Fascinated by what he learned of the western territories, as a young man he went west in 1819 and began traveling with Gov. Lewis Cass of the Michigan Territory. From 1823 to 1834, Lewis worked for the U.S. Government to paint official portraits of Indians, in what was an effort to preserve a record of their leaders and what was believed to be a vanishing culture.

In this official role during the 1820s, Lewis attended numerous Indian treaties and ceremonies held in Indiana and Wisconsin, where he began to make portraits of many of the participants. In 1826 Thomas L. McKenney, who was superintendent of Indian Affairs, then in the War Department, accompanied Gov. Cass on one of the official trips into this area. He relied on Lewis as the artist to create a record of the trip.

McKenney published an official record of his expedition, Sketches of a Tour to the Lakes... (1827); it contained 29 engraved or illustrated images. Although Lewis is not credited on any of the plates, the majority of images appear to be by him: his work has been identified by both the many references to it in the text and by analysis of the style of these images.
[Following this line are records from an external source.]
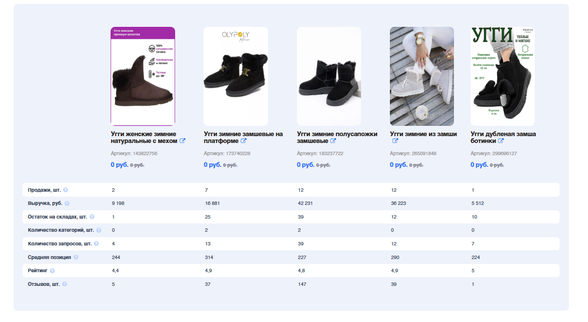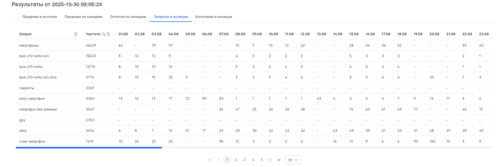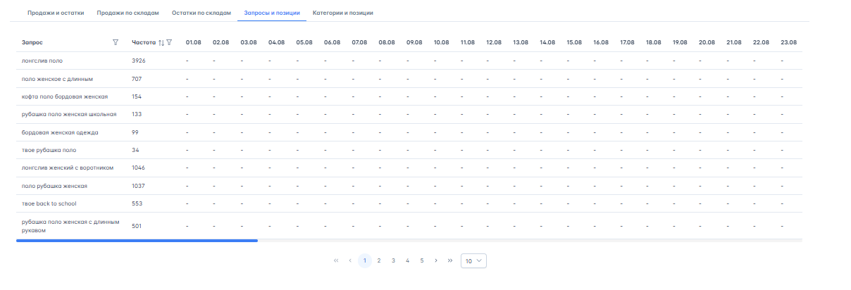 - Позицию по запросам: на какой строчке в поиске находится ваш товар по основным поисковым фразам.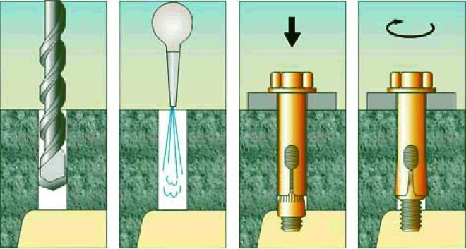 Установка клинового анкера осуществляется в сжатые сроки. Для проведения работ достаточно типового инструмента. Монтаж выполняется в несколько этапов.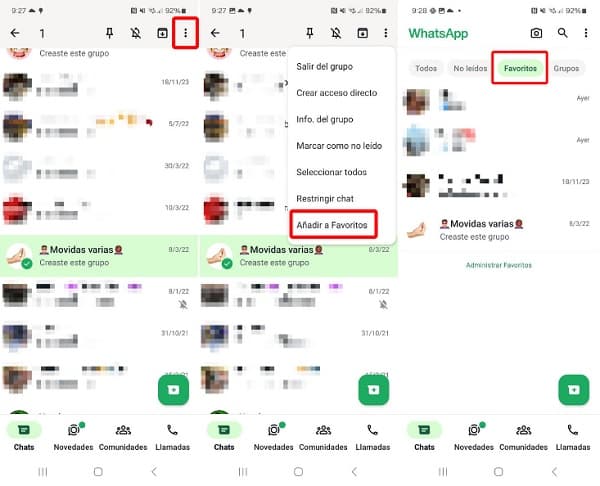 Aunque WhatsApp ya ofrecía la opción de fijar chats en la parte superior de la lista, la función de favoritos va un paso más allá. Proporciona una pestaña dedicada que separa completamente estas conversaciones prioritarias del resto, mejorando significativamente la organización.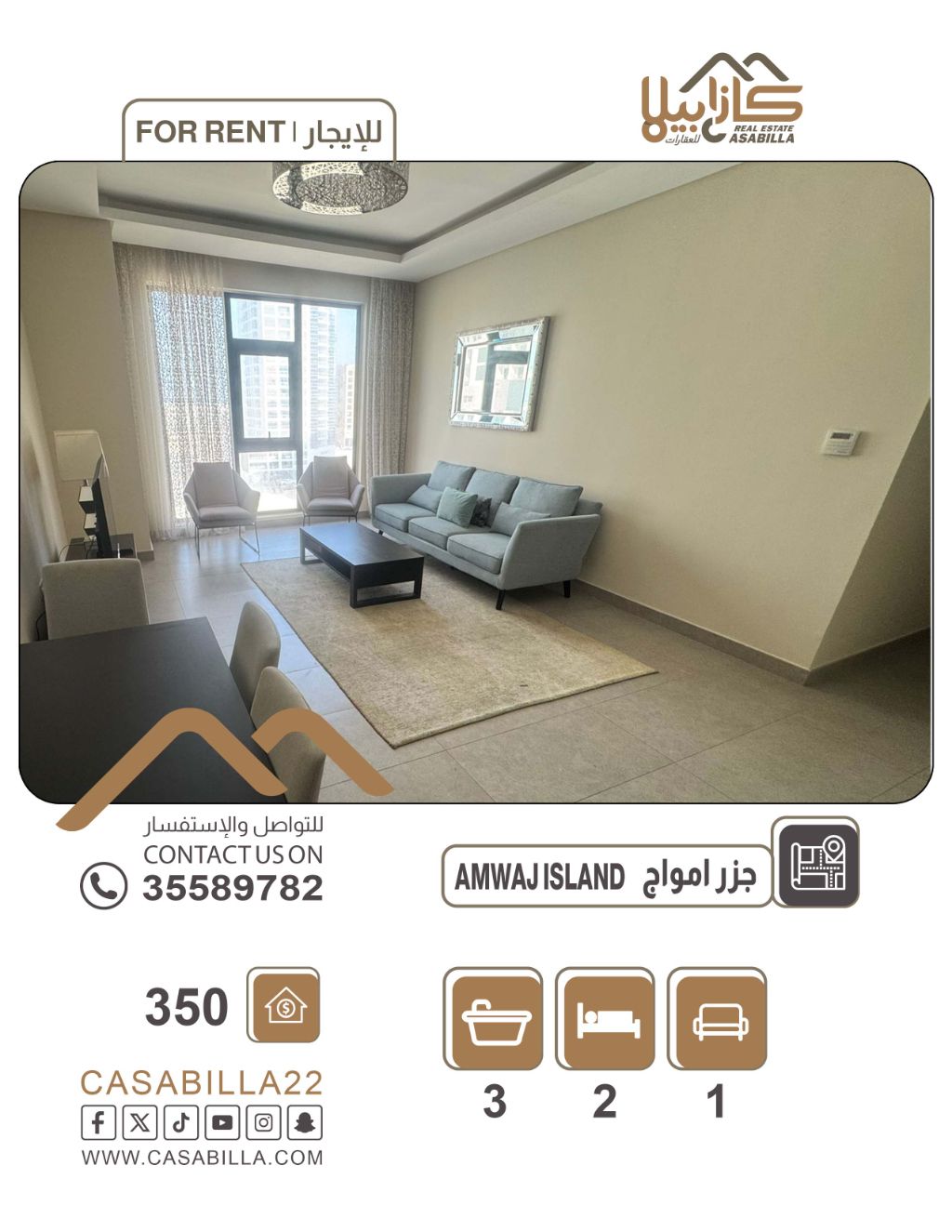 For rent: An apartment in Amwaj Islands consisting of two bedrooms, a living room, a kitchen, and three bathrooms. Fully furnished and ready for occupancy with all services available, including an elevator, car parking, a gym, and a swimming pool. Prime location close to all services. Monthly rent is 350 dinars inclusive, with a limit of 20 dinars. For contact and inquiries.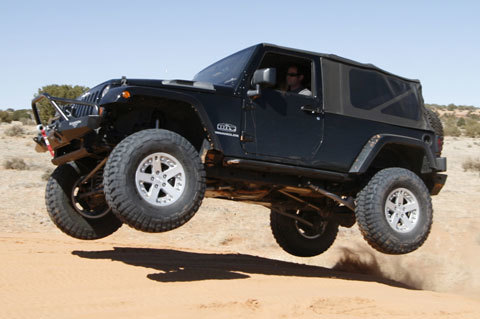 El que véis volando en la primera imagen es el Jeep Wrangler JKL, un 4x4 puro y duro al que le han equipado nada menos que el motor HEMI V8 6.1, teniendo que alargar su batalla para evitar que el tren delantero despegue del suelo en un acelerón en subida. Se le ha equipado con neumáticos de 37 pulgadas y un kit de elevación de 4 pulgadas.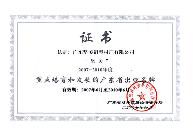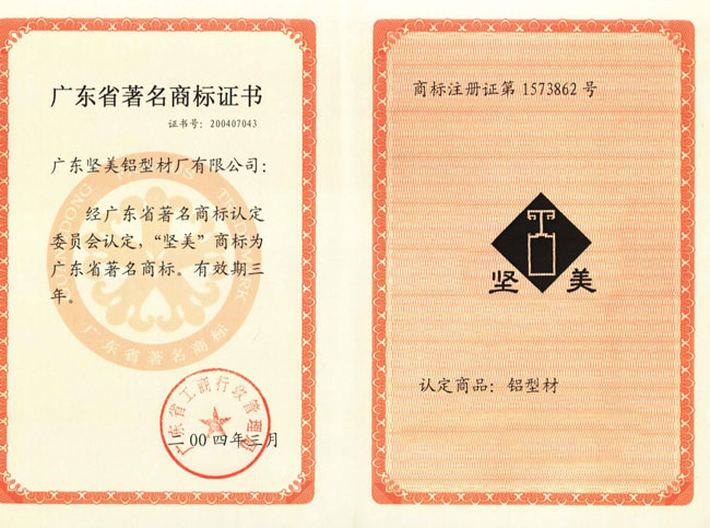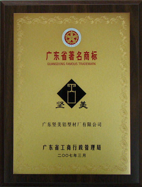 “堅美”牌商標獲評為廣東省著名商標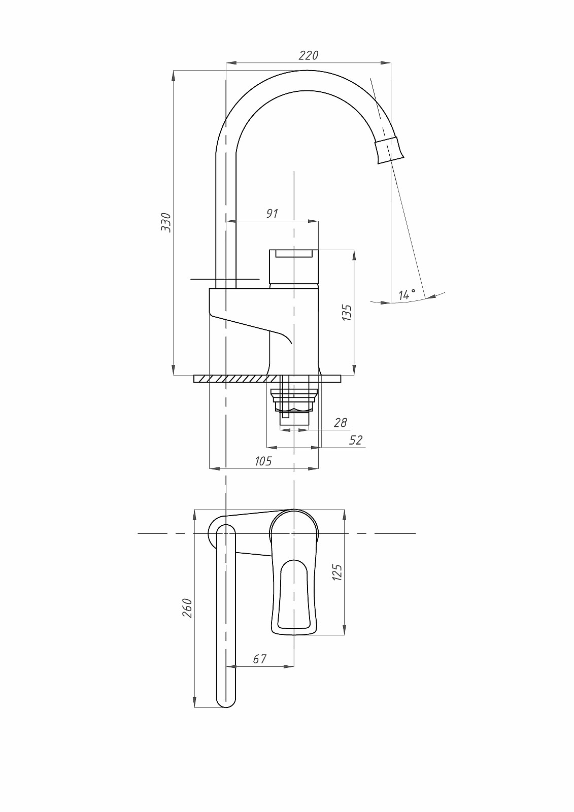 Смеситель для кухни ПСМ-Профсан Модерн (PSM-384-017) тип См-МОЦБА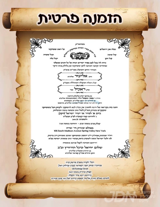 היינט קומט פאר די שמחת החתונה פונעם חתן א זון פון הרב שלום יחיאל מיכל הורוויץ שליט"א, זון פון כ"ק אדמו"ר ממעליץ ב"פ שליט"א, און איידעם ביי הגה"צ אבד"ק קאראד שליט"א, מיט די כלה א טאכטער פון הרב משה שמואל ראטטענבערג שליט"א, זון פון הגה"צ אבד"ק קאזעווע שליט"א, און איידעם ביי הגה"צ ר' מנחם מענדיל פאנעט שליט"א מדעעש. – די שמחת החתונה קומט פאר אין זאל עטרת חי' שרה אין מאנסי.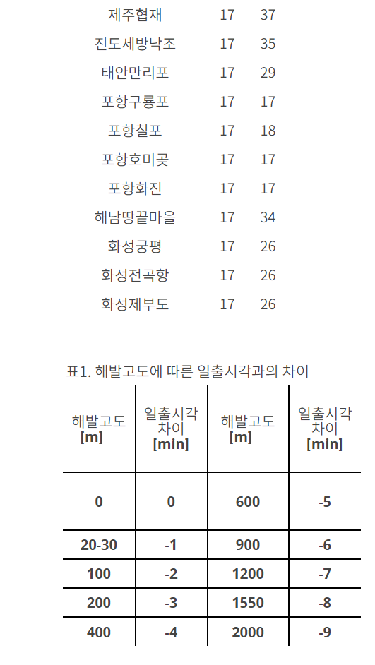 일출이란 해의 윗부분이 지평선(또는 수평선)에 나타나기 시작할 때를 의미합니다. 2023년 새해 첫 해는 아침 7시 26분에 독도에서 가장 먼저 볼 수 있습니다. 내륙지방에서는 7시 31분 울산 간절곶과 방어진에서 가장 먼저 뜹니다. 알려드리는 일출시각은 해발고도 0m를 기준으로 계산된 시각으로 고도가 높을수록 일출시각이 빨라집니다. 따라서 해발고도 100m에서의 실제 일출시각은 발표시각에 비해 2분가량 빨라진다고 하니 참고하시기 바랍니다.

During the 1827 trip which Lewis and Cass took to Lake Michigan to negotiate with the Winnebago and Chippewa tribes, the artist sketched 25 portraits at the treaty meetings at Prairie du Chien. Of the 80 plates published in his final Aboriginal Port Folia (1835-1836), 9 were sketched at Fort Wayne (fort), in present-day Indiana; 13 at Green Bay, Wisconsin; 12 at Fond du Lac, 12 from "Massinnewa" (from the 1826 expedition), and the remaining 3 at unidentified locations.
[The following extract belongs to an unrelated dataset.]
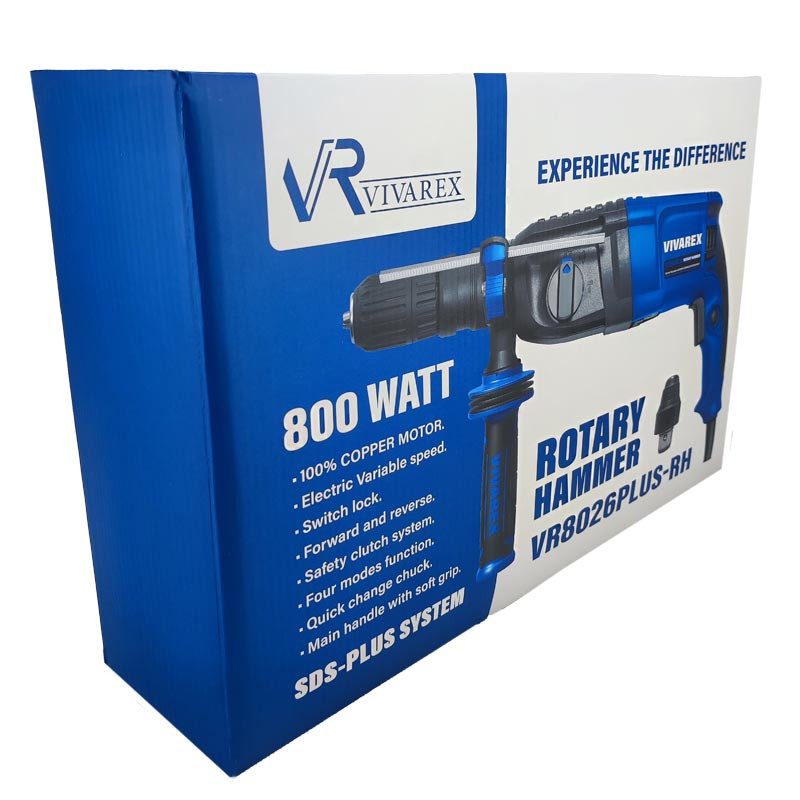 دریل بتن کن ویوارکس مدل VR8026-RH با توان 800 وات و دور موتور 1300 دور دردقیقه و نرخ ضربه نزدیک به 4000 ضربه بر دقیقه در حالت آزاد ابزار مناسبی جهت استفاده در مشاغل گوناگون است . این بتن کن دارای 3 حالت کاری دریل، تخریب و دریل چکشی می باشد و در مشاغل ساختمانی، عمرانی، صنعتی بسیار کاربرد دارد. بتن کن ویوارکس مدل VR8026-RH یک ابزار برقی بسیار پر طرفدار است که دارای قابلیت سوراخ کاری تا 26 میلیمتر است و همچنین دارای دسته جانبی ضد ضربه با قابلیت چرخشی 360 درجه می باشد.

Lewis later returned to the East, publishing a book of his works in Philadelphia in 1835-1836. He died in New York City on November 2, 1858.

==Major published works==

Based on his drawings and paintings of treaty ceremonies between 1825 and 1828, Lewis published a collection, The Aboriginal Port Folio, in Philadelphia between 1835 and 1836. Lewis also contributed portraits to the History of the Indian Tribes of North America collection, prepared by Thomas L. McKenney's office, and published from 1823 to 1834. Although Lewis was not officially specifically credited for images in McKenney's Sketches of a Tour to the Lakes... (1827), the majority of the plates are believed to be his.

==Legacy==

Lewis's works are held in the collection of the Smithsonian American Art Museum.